In his response Home Minister Amit Shah said there was no need to fear but if Bajaj felt so, then “we will have to make an effort to improve the atmosphere.”

Shah said “We have done nothing to be concerned about any criticism.… The government has run in the most transparent way, and we have no fear of any kind of opposition. If anyone criticizes us, we will look at the merit of the same and make efforts to improve ourselves.”

The minister said lynching incidents have happened earlier and continue to happen today, “perhaps fewer than before. But this is not correct that no one has been convicted. Many have been convicted and sentenced, but it does not appear in the media.”

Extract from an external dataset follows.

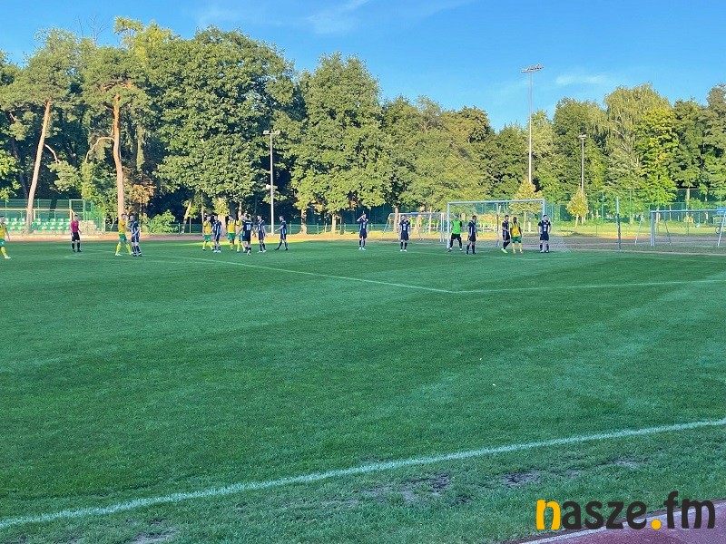 Już w 8 minucie meczu w Wiśniowej Górze sędzia podyktował rzut karny dla biało-zielonych po faulu na Wiktorze Płanecie. Do jedenastki podszedł Krystian Stolarczyk i strzelił pierwszą bramkę w tym spotkaniu. Dwadzieścia minut później drużyna gospodarzy wyrównała po zamieszaniu w polu karnym - bramkę przypisano Krystianowi Kamińskiemu. Remisem 1:1 zakończyła się pierwsza część spotkania.

Amit Shah also pointed out that newspapers have written a lot against Narendra Modi. “We have been the most written against, but still, as you are saying, if an atmosphere has been created, we too will have to make an effort to improve it. But I want to say that no one needs to be afraid,” he added.

Rahul Bajaj has been one of those rareindustrialists who have never pulled their punches while attacking government policies. He was vocal even during the previous Congress party-led regime. In those days, he observed on Saturday, “we could abuse anybody” without fear of repercussions.

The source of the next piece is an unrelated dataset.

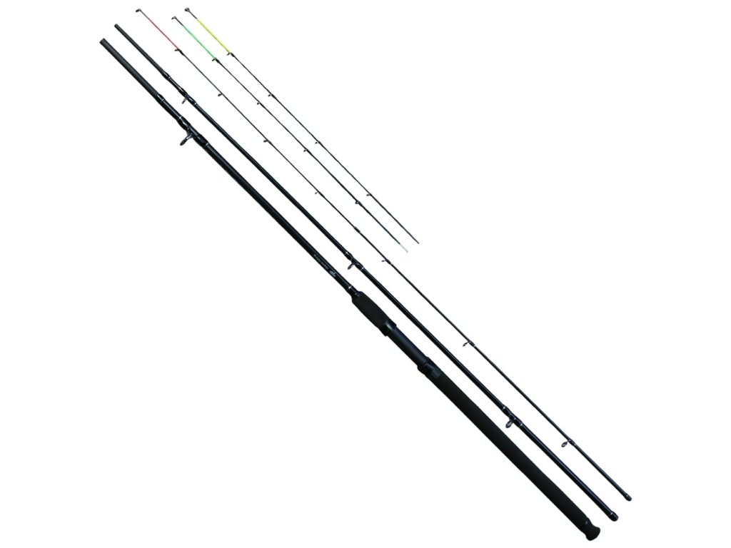 Tyto feederové pruty jsou vyrobeny z kvalitního grafitu IM6 a mají středně rychlou akci. Jsou velmi univerzální, výkonné díky své parabolické akci. Díky rozsahu nabízených špiček, jste připraveni na jakou situaci a druh lovené ryby. Souhrn špiček dodávaných k prutu: červená – tužší (grafitová), žlutá - střední tuhost (grafitová) a zelená – jemná (sklolaminátová). Prut je osazen kvalitními dvojitě vázanými SIC očky a má ergonomické DPS grafitové sedlo černé barvy. Rukojeť je vyrobena z EVA pěny. Specifikace: Délka: 11 ft (3,3 m) Zátěž: 40-90 g Transportní délka: 115 cm Hmotnost: 202 g Počet dílů: 3+3Doplňkové parametry

A few months ago he expressed concern over the downturn faced by India’s auto industry. He remarked, “There is no demand and no private investment, so where will growth come from? It doesn’t fall from the heavens. The auto industry is going through a very difficult period. Cars, commercial vehicles, and two-wheelers are going through a rough patch.”

He and his son Rajiv Bajaj are some of the few voices from corporate India that criticized the government’s move to ban high-value currency notes in 2016. Though it is now widely acknowledged that the move crippled many industries and affected the country’s gross domestic product growth, criticism has been very muted among the country’s industrialists.

GDP free fall

Meanwhile India’s Gross Domestic Product continued its downward spiral for the seventh consecutive quarter, falling to 4.5% in the second quarter (July-September) of the year 2019-20. This is a fall of 0.5% points compared with the last quarter.

Compared with the second quarter of the year 2018-19, it is a fall of 2.6 per cent points. In the second quarter of the previous year, the GDP growth stood at 7.1%.

The GDP growth seen in the last quarter was the slowest in more than six years. The previous low was recorded at 4.3 per cent in the final quarter (January-March) of 2012-13.

The slowdown in economic growth has taken away from India the tag of world’s fastest growing major economy, which now belongs to China. India’s growth rates in the Q4 2018-19 and Q1 2019-20 were slower than those of China, which is a much bigger economy.